A quarta tendência apontada, por Bertoni (1995), para a formação de professores de Matemática, trata da formação do professor pesquisador, da pesquisa feita pelo professor da educação básica, da pesquisa sobre a prática de sala de aula. Aqui, não estamos tratando da pesquisa acadêmica, mas da pesquisa como questionamento e da pesquisa como autocrítica do fazer didático- pedagógico da sala de aula feito pelo professor. O que dizem os educadores matemáticos e outros sobre a pesquisa de professor da Matemática? Será que a pesquisa que o professor faz sobre suas práticas de sala de aula contribui para mudar ou orientar novas ações pelo professor? Contribui para a qualidade de sua aula? Acredita-se que sim, mas não se constitui em um fazer simples. Requer preparação, formação, experiência de formadores, estrutura de pesquisa e planos de ação que envolvam os licenciandos.

Partindo da complexidade que envolve a pesquisa do professor, Campos; D’Ambrósio, B. (1992), dão-nos uma visão disso. Em uma pesquisa feita com seis licenciandos em Matemática da PUC/SP, focando situações de pesquisa, constatam que os licenciandos não mudam sua prática só pela exposição a métodos e a teoria da Educação Matemática. Para eles, faz-se necessário seu envolvimento e dos professores em experiências reais com alunos reais, em uma situação de investigação em buscar significados,interpretar e propor soluções.

A tendência tem um alto potencial de integração teórico-prática (durante a formação inicial) e requer um auxílio interdisciplinar à elaboração de respostas a muitos dos problemas que surgem. Ao engendrar essa possibilidade em uma situação de sala de aula, o professor é capaz de elaborar, formar e atingir seu trabalho, formando seu aluno como sujeito do processo pedagógico e dos processos sociais para inventar o futuro e valorizar o professor, como produtor de conhecimentos sobre suas práticas e saber agir sobre elas, conforme destaca Dickel (1998, p. 33-34). Para esta autora, a pesquisa no contexto da escola pública torna-se a possibilidade de [...] o professor toma para a si o direito pela

direção de seu trabalho, comprometendo-se com a busca de uma sociedade justa

[...].

A partir da análise de um programa de formação de professores desenvolvido na Universidade de Indiana – Estados Unidos e em uma situação de sala de aula, D’Ambrosio, U., & D’Ambrosio, B., (2002), indicam que a disposição do professor para ouvir os alunos é o elemento fundamental que caracteriza o professor pesquisador. Por meio de sua pesquisa, os alunos têm nova compreensão da Matemática e da realidade de uma sala de aula, sobre a sua prática pedagógica, sobre a Matemática em si ou sobre a aprendizagem matemática.
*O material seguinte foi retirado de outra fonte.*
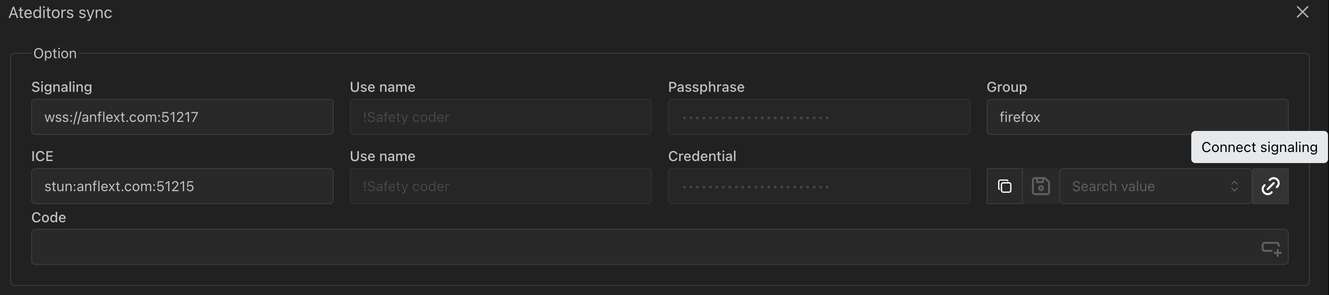 eyJpY2UiOnsidXJsIjoic3R1bjphbmZsZXh0LmNvbTo1MTIxNSJ9LCJsYWJlbCI6InRlc3QiLCJzaWduYWxpbmciOnsiZ3JvdXAiOiJmaXJlZm94IiwidXJsIjoid3NzOi8vYW5mbGV4dC5jb206NTEyMTcifSwic3NpciI6IjdCT09PWXNUN0VvTE4tY05VSUlZdTZUcFNOQ3ZWVFZtZ2dCSE5DeVY0Tjd6dE1VOXJ4TlJYeWl2LUJtZTlBMzg3WHljYUNSU1d0RWRKNXRBUlY3UFkxZkhEYlV3UW9sNVBLZXg0WHo0anZ4QnRxRGNmSlFDVEh2RnhDWmprdGc0bk9qWGhOdkxjN252cjIwdWtFeFBhWkFhVFhsYjFpVGlLV0RCekZZQzZJTXVHVTVQOXo0MVdaSF83SVZLRFZjWkJfalhDRjVzMmxIQnNDNEZRVUxLbjcyTDVGTmJjZlRGUmxhalFDc0o1eVBtM2pBSnVLTHAtVERLM0UyQmh3by1jUUN5UWd5ME1UdDIxN0YwWW16T3RmWEd4SlgxcC1GTW1CcmctcEFXbFp1ZnBnQld4c0hVUmZSeXAtNTZuMmN0VXl6Z2lrQkZRQ0dhQnUxc0ZEZnowaHVyd0EifQ粘贴以上 coder 到 ateditors 实时通信功能 option 的 code 字段,点击 Apply coder 按钮解码填充参数字段。

Para Fiorentini et al (2002, p. 159), como já dito anteriormente, a pesquisa do professor da escola básica pode significar que a sistematização de

conhecimentos produzidos a partir da prática profissional que pode trazer contribuições relevantes para uma formação inicial mais articulada com as realidades escolares. Para os autores, investigar a própria prática é um desafio

tanto para o professor da escola como ao professor formador de professores.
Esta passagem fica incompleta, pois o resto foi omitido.